**Work task:** Across the records below, how many lines include the string "warsztaty"? State the number and nothing more.

**Dataset excerpts:**
※ ※ ※

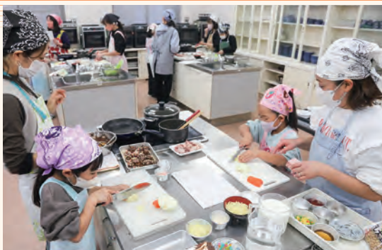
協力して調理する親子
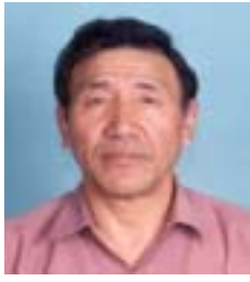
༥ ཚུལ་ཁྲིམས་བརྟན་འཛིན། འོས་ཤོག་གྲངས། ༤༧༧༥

※ ※ ※

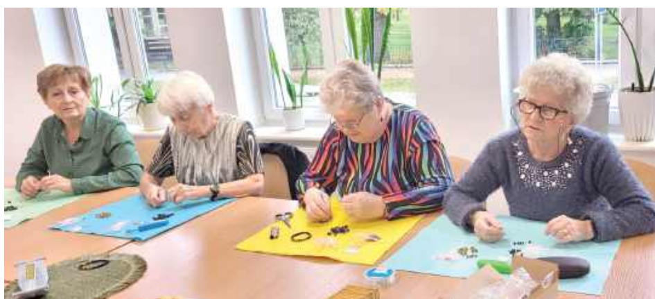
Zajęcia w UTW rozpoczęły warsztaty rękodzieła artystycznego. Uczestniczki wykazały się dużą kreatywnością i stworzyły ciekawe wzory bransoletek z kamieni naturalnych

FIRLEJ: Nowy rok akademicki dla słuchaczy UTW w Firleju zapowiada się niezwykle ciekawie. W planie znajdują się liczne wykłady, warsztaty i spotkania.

※ ※ ※

**Solution to the problem:** 2